Assignment
The expected output is exactly the lines below, starting at the line with "3 diverse monitoren" and ending at the line with "漫威第三阶段重磅电影《复仇者", both included; no other line belongs in it.

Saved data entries
>>>

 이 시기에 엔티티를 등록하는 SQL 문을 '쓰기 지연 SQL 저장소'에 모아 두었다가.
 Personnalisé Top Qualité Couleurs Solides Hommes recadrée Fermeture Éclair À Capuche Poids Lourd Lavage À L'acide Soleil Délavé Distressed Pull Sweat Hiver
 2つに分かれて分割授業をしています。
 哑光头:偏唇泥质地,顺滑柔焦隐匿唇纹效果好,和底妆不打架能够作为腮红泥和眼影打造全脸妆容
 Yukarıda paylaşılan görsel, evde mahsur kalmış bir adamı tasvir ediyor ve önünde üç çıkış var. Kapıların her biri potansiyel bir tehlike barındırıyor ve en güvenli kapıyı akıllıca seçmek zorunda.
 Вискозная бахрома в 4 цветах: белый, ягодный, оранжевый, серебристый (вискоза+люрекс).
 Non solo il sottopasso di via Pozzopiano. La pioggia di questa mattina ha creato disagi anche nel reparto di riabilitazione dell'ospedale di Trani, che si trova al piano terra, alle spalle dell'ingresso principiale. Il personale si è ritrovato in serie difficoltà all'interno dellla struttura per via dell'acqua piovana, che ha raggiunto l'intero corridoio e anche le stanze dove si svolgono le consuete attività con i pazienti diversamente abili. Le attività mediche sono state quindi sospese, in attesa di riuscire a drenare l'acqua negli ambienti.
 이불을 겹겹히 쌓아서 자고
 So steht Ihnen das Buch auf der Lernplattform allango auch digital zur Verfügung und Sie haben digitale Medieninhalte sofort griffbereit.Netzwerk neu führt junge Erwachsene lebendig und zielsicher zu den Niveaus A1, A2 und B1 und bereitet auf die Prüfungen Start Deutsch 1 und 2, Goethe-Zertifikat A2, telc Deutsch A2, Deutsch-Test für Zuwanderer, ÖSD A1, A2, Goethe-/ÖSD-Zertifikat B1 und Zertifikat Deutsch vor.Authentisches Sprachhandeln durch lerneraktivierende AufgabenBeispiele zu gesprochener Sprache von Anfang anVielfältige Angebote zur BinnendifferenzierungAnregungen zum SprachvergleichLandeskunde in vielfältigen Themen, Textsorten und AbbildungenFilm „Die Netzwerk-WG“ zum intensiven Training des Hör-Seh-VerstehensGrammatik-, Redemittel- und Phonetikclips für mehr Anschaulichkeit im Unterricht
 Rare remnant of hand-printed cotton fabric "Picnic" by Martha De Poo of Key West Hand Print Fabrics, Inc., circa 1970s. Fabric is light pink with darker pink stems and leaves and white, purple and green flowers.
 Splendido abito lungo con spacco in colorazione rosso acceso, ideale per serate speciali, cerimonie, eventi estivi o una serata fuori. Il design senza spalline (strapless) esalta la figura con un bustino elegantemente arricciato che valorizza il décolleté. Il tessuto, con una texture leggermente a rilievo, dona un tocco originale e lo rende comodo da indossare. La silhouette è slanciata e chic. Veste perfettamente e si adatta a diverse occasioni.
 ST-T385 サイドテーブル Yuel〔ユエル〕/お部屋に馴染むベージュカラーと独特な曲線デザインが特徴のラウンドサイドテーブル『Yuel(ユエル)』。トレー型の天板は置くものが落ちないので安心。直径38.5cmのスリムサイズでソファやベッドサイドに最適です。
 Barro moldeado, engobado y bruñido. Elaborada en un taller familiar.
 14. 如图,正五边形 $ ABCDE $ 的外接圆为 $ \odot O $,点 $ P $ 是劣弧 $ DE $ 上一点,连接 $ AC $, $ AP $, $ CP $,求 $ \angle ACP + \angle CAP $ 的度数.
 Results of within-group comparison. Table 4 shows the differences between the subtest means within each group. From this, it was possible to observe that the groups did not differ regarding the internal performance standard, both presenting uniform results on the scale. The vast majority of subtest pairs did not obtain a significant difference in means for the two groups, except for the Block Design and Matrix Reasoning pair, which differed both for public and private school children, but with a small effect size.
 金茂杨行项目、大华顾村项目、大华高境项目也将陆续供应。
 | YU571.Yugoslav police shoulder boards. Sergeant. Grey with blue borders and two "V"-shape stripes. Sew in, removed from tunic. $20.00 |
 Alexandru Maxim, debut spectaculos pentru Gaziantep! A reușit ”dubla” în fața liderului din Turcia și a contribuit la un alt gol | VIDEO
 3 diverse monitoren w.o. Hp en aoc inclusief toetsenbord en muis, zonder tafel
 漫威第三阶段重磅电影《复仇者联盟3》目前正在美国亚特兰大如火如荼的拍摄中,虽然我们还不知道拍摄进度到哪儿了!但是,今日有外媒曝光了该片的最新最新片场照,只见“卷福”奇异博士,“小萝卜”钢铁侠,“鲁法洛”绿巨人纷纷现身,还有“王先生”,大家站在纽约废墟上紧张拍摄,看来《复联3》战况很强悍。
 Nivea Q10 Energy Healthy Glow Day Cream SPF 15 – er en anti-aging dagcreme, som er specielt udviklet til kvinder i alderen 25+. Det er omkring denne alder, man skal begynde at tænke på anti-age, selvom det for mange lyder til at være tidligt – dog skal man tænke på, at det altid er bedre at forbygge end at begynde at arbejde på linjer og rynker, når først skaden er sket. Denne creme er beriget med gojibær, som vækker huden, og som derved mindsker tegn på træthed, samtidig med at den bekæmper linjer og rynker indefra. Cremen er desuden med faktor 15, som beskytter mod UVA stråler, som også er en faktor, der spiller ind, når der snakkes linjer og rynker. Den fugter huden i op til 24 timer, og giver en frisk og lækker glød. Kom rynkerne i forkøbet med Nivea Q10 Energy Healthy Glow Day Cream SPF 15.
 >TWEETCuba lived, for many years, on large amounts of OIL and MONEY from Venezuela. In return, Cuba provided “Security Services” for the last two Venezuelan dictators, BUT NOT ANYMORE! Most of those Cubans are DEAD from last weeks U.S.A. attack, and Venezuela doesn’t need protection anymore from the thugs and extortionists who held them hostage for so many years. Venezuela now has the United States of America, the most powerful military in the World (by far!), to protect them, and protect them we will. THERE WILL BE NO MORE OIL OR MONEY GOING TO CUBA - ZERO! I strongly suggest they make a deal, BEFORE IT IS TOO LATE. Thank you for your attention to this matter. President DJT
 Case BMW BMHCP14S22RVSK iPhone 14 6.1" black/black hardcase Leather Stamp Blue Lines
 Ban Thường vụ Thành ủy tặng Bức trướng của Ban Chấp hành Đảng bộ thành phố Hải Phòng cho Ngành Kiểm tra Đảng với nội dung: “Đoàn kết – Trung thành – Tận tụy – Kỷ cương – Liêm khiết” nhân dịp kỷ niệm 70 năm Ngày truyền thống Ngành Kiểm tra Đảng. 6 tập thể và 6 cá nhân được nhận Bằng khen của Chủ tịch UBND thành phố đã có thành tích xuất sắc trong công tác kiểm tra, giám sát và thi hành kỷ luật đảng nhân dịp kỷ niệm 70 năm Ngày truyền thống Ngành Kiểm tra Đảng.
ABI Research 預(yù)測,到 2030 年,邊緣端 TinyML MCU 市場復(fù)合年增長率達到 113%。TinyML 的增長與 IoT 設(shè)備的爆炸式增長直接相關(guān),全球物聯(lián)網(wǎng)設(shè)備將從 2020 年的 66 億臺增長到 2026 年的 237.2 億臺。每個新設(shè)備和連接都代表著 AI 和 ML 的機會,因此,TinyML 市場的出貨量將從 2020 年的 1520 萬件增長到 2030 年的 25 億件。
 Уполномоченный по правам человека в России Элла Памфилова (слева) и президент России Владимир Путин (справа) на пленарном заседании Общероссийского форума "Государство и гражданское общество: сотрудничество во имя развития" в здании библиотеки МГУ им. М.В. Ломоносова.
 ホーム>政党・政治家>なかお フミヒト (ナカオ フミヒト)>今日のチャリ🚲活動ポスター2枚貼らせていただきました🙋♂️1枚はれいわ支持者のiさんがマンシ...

<<<

Solution for this task
 3 diverse monitoren w.o. Hp en aoc inclusief toetsenbord en muis, zonder tafel
 漫威第三阶段重磅电影《复仇者联盟3》目前正在美国亚特兰大如火如荼的拍摄中,虽然我们还不知道拍摄进度到哪儿了!但是,今日有外媒曝光了该片的最新最新片场照,只见“卷福”奇异博士,“小萝卜”钢铁侠,“鲁法洛”绿巨人纷纷现身,还有“王先生”,大家站在纽约废墟上紧张拍摄,看来《复联3》战况很强悍。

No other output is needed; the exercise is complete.